Jenny Caplan

Western Illinois University

Bird, Man, and Superman: animality, humanity, and superhumanity in Jewish graphic novels

One of the key factors of the Western intellectual tradition, in which Judaism certainly plays a part, is the need to categorize things and then place them in hierarchical relationship to each other. Though contemporary Jews, especially in the wake of the global climate crisis, have tried to distance the Jewish textual and ethical tradition from the old “humans have dominion over the Earth” model, and have pointed out that one of the roots of kashrut is in limiting animal suffering, the fact remains that there is a deeply ingrained “us-them” divide between humans and non-human animals. And if non-human animals are below us, what about who, or what, stands above us? Again, nothing in Jewish tradition is simple, but overall it can be said that God is considered to be a level above human, and humans are considered to be a level above other animals.
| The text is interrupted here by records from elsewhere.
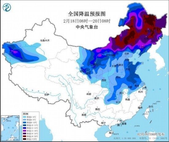 全國降溫預(yù)報(bào)圖(2月18日8時(shí)-20日8時(shí))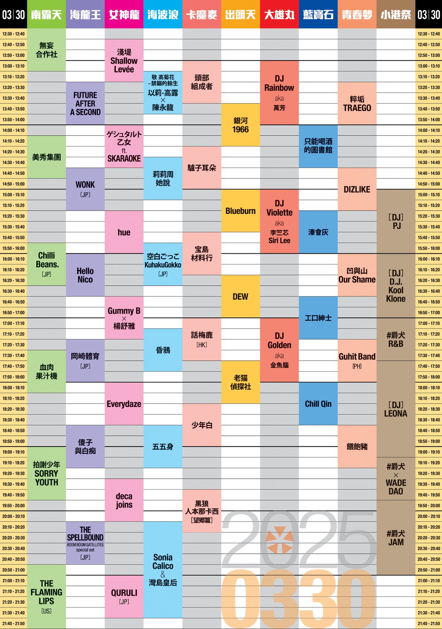 首頁全部活動2025年大港開唱第2天全部舞台舞台全部舞台南霸天海龍王女神龍海波浪卡魔夢出頭天大雄丸藍寶石青春夢小港祭大樹下依舞台時間表依舞台依時間演出陣容線上直播2025年大港開唱第2天3月30日(日)南霸天12:30 - 13:10無妄合作社14:10 - 14:50美秀集團15:50 - 16:30Chilli Beans.JP17:30 - 18:10血肉果汁機19:00 - 19:50拍謝少年 SORRY YOUTH20:50 - 21:50THE FLAMING LIPSUS海龍王13:20 - 14:00FUTURE AFTER A SECOND14:40 - 15:30WONKJP16:00 - 16:40Hello Nico17:20 - 18:00岡崎體育JP18:40 - 19:20傻子與白痴20:10 - 20:50THE SPELLBOUND BOOM BOOM SATELLITES special setJP女神龍12:40 - 13:20淺堤 Shallow Levee14:00 - 14:40ゲシュタルト 乙女 ft. SKARAOKE+115:20 - 16:00hue16:40 - 17:20Gummy B x 楊舒雅+118:00 - 18:40Everydaze19:30 - 20:10deca joins21:00 - 21:40QURULIJP海波浪13:10 - 13:50敬 高菊花 - 禁錮的餘生 以莉·高露 x 陳永龍+114:30 - 15:10莉莉周她說15:50 - 16:30空白ごっこ KuhakuGokkoJP17:10 - 17:50昏鴉18:40 - 19:20五五身20:10 - 21:40Sonia Calico & 灣島皇后+1卡魔夢13:00 - 13:40頭部組成者14:20 - 15:00驢子耳朵15:40 - 16:20宝島材料行17:00 - 17:40話梅鹿HK18:20 - 19:00少年白19:40 - 20:20黑狼人本那卡西[望郷篇]出頭天13:40 - 14:20銀河196615:00 - 15:40Blueburn16:20 - 17:00DEW17:40 - 18:20老貓偵探社大雄丸13:00 - 14:00DJ Rainbow aka 萬芳15:00 - 16:00DJ Violette aka 李竺芯 Siri Lee17:00 - 18:00DJ Golden aka 金魚腦藍寶石14:00 - 14:40只能喝酒的圖書館15:20 - 16:00溱會灰16:40 - 17:20工口紳士18:00 - 18:40Chill Qin青春夢13:20 - 14:00粹垢 TRAEGO14:40 - 15:20DIZLIKE16:00 - 16:40凹與山 Our Shame17:20 - 18:00Guhit BandPH18:40 - 19:20餵飽豬小港祭15:00 - 16:00[DJ] PJ16:00 - 16:40[DJ] D.J. Kool Klone16:40 - 17:30#爵犬 R&B17:30 - 18:10[DJ] LEONA18:10 - 19:40#爵犬 x WADE DAO19:40 - 21:00#爵犬 JAM大樹下15:00 - 15:50Koala Wu15:50 - 16:10Karei & ooo & 稲妻莉央16:10 - 17:00Samuel Mie17:00 - 18:00空耳卡拉OK18:00 - 19:00Roman ft. EvolutioN資料來源查看高清圖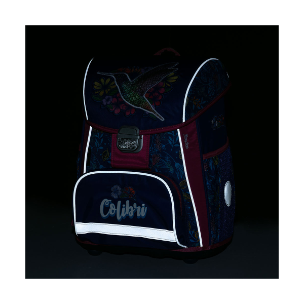 Zapínanie je na bezpečnostnú pracku. Predné vrecko je určené na desiatu, nechýba rad reflexných prvkov pre bezpečnosť za zníženej viditeľnosti.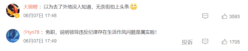 针对此事引起网友热议,有网友称“免职,说明领导违反纪律存在生活作风问题属实啦”;还有网友认为“当你看见一只蟑螂的时候,说明在黑暗处已经有数不清的蟑螂了”“那女的不处理吗?”;也有网友调侃“以为去了外地没人知道,无奈街拍上了头条”“这手牵的好,把钱途牵没了”。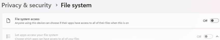 In the system settings, only options to restrict access for Microsoft Store applications can be found, with no way to limit non-Store applications downloaded from other sources. This means any program downloaded from the internet has full access to local files and the network by default, posing potential security risks. I hope the system can, like managing camera or location permissions, automatically restrict file read/write and network connection permissions for all newly added applications, and prompt the user for authorization when needed.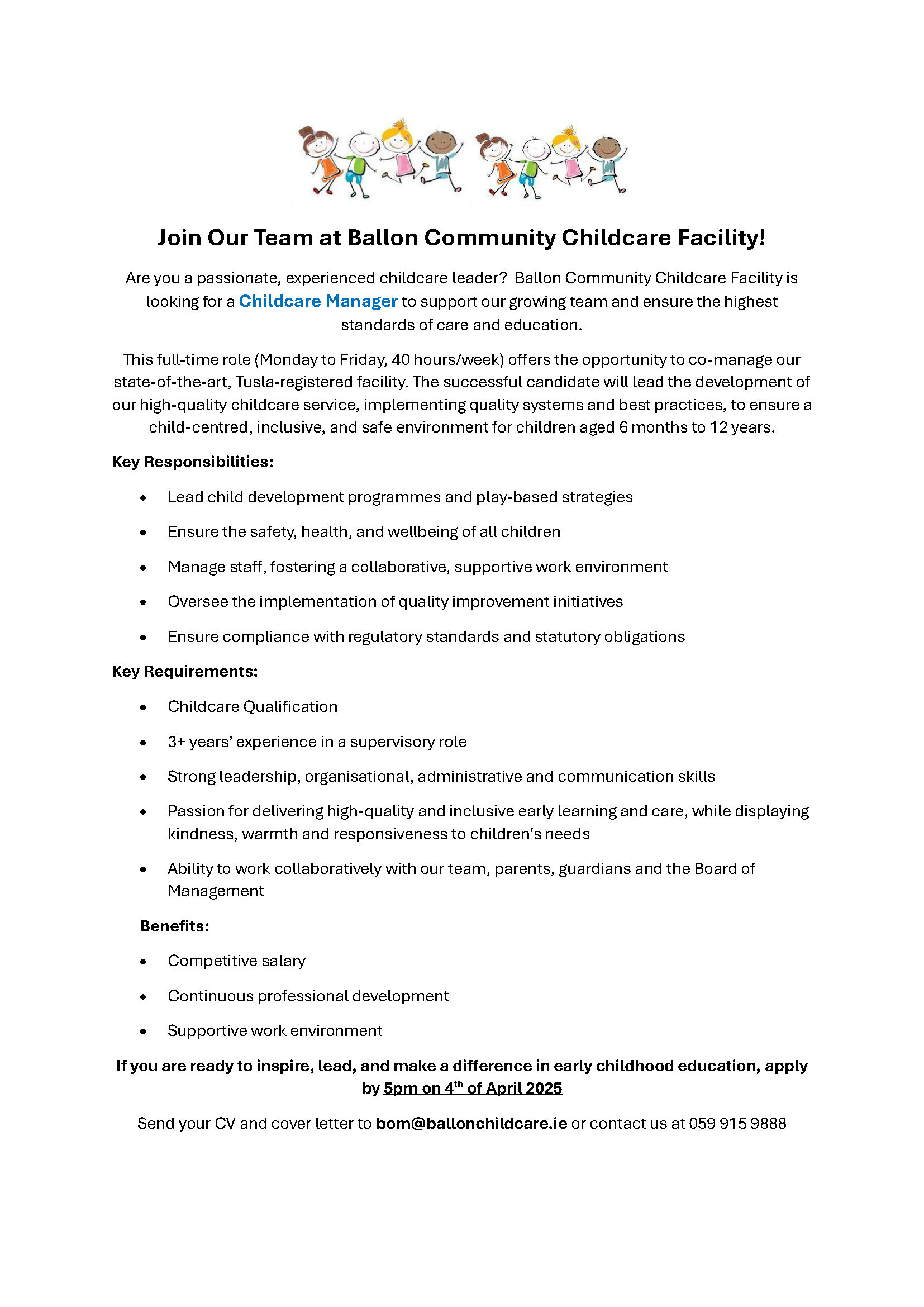 ChildcareManagerAdvertFinal 14 March 2024.pdfMarch 19, 2025/by Carlow Childcare Committee https://carlowccc.ie/wp-content/uploads/2018/10/ccc4.jpg 0 0 Carlow Childcare Committee https://carlowccc.ie/wp-content/uploads/2018/10/ccc4.jpg Carlow Childcare Committee2025-03-19 10:54:342025-03-19 10:54:34ChildcareManagerAdvertFinal 14 March 2024.pdf
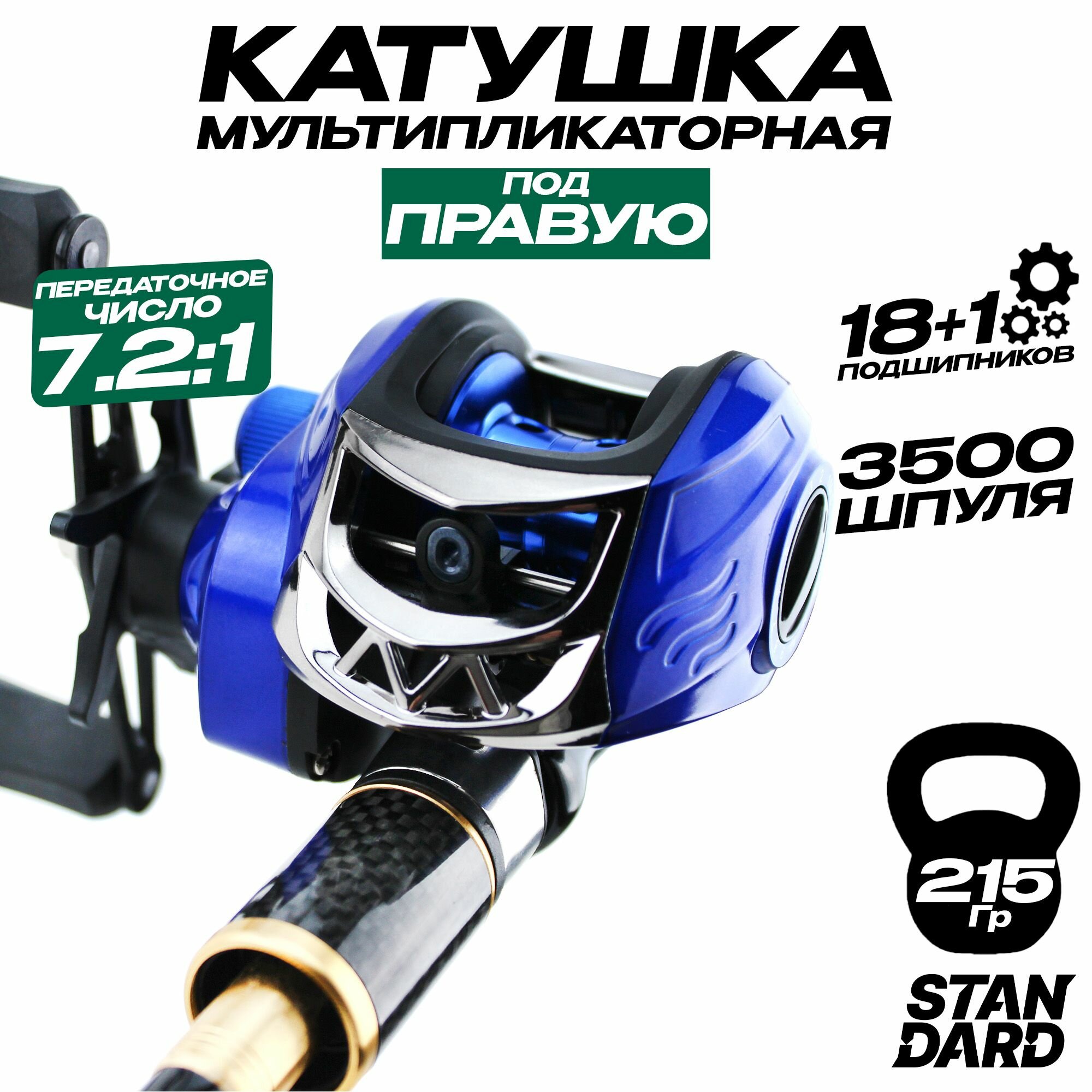 Мультипликаторная катушка для рыбалки под правую руку 18+1 подшипников с Антиреверсом Gear Ratio: 7.2:1 информация: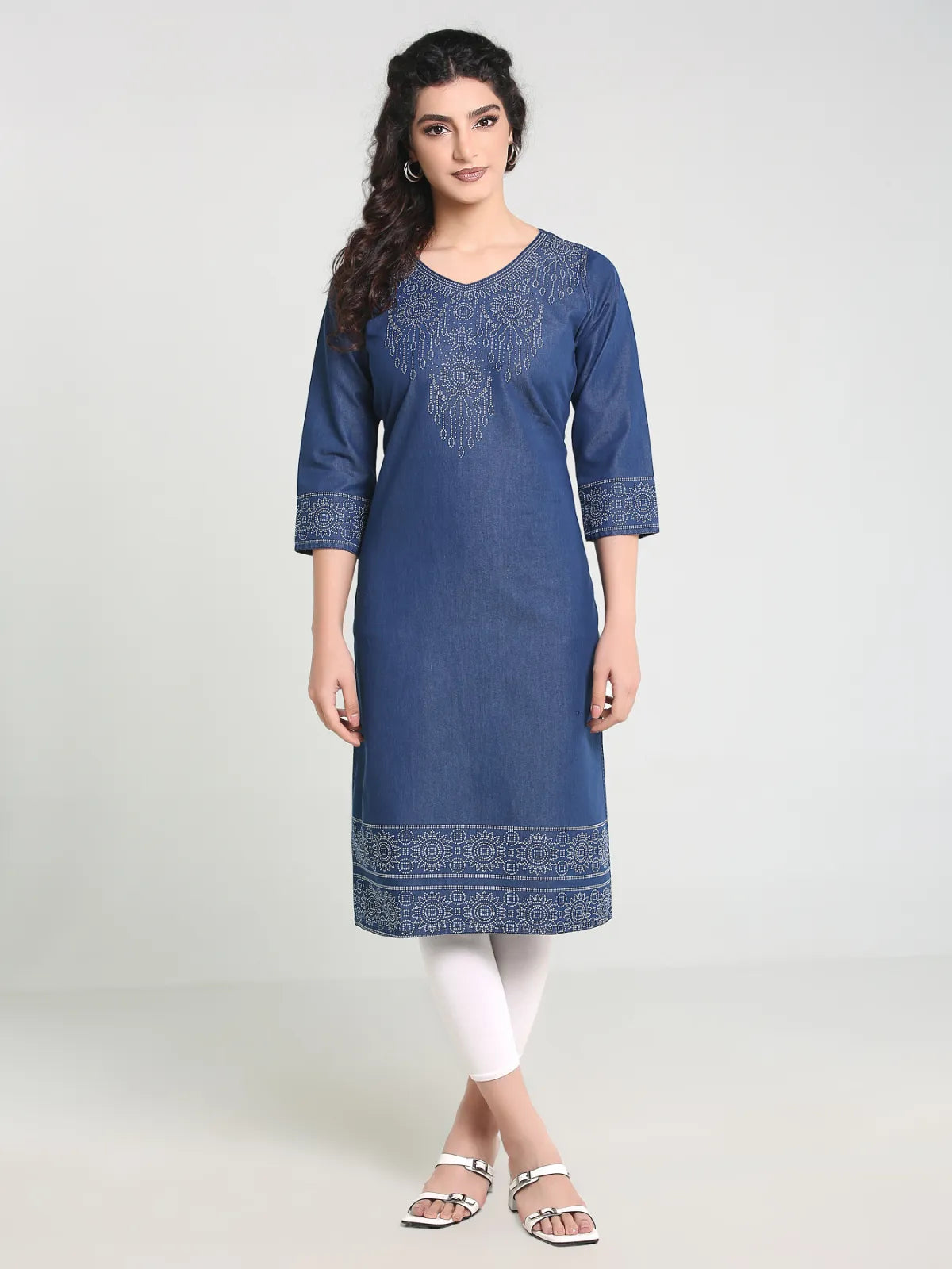 Introducing the Denim Badhni Printed Kurta, crafted with the finest quality denim and adorned with beautiful Badhni prints. This kurta offers a unique blend of comfort and style, making it a must-have for any wardrobe. Elevate your fashion game with this one-of-a-kind piece.

But among the many things Jewish-themed graphic novels have done in the last few decades is significantly problematize these easy categories. So this paper will argue, using Maus, The Rabbi’s Cat, and The Magneto Testament, that many contemporary artists and writers are dissatisfied with the old hierarchy and are showing the porousness of the boundaries between groups. Maus and The Rabbi’s Cat illustrate the ways in which we are too quick to consider “human” to be a level above “animal,” particularly by challenging the Aristotelian/Heideggerian notion that human beings are the only living things that have logos. The Magneto Testament, then, will allow us to bring Nietzsche, and the Ubermensch, into the conversation. Are superheroes (and super villains) our cultural attempt to move from God to a new moral code? Are Ubermenschen born, or can they be made? What does it mean to be human in a world of talking cats and mutants?

 

JENNY CAPLAN is a doctoral candidate at Syracuse University. She is defending her dissertation, “All Joking Aside: the role of religion in American Jewish satire,” this April. She is currently a Visiting Instructor of Religious Studies at Western Illinois University, and was a Visiting Assistant Professor of Jewish Studies at Rollins College last year. Her work primarily revolves around American religion and popular culture, specifically American Judaism in many cases. The work she is presenting at this conference represents one of the first steps towards what she hopes will become her next research project.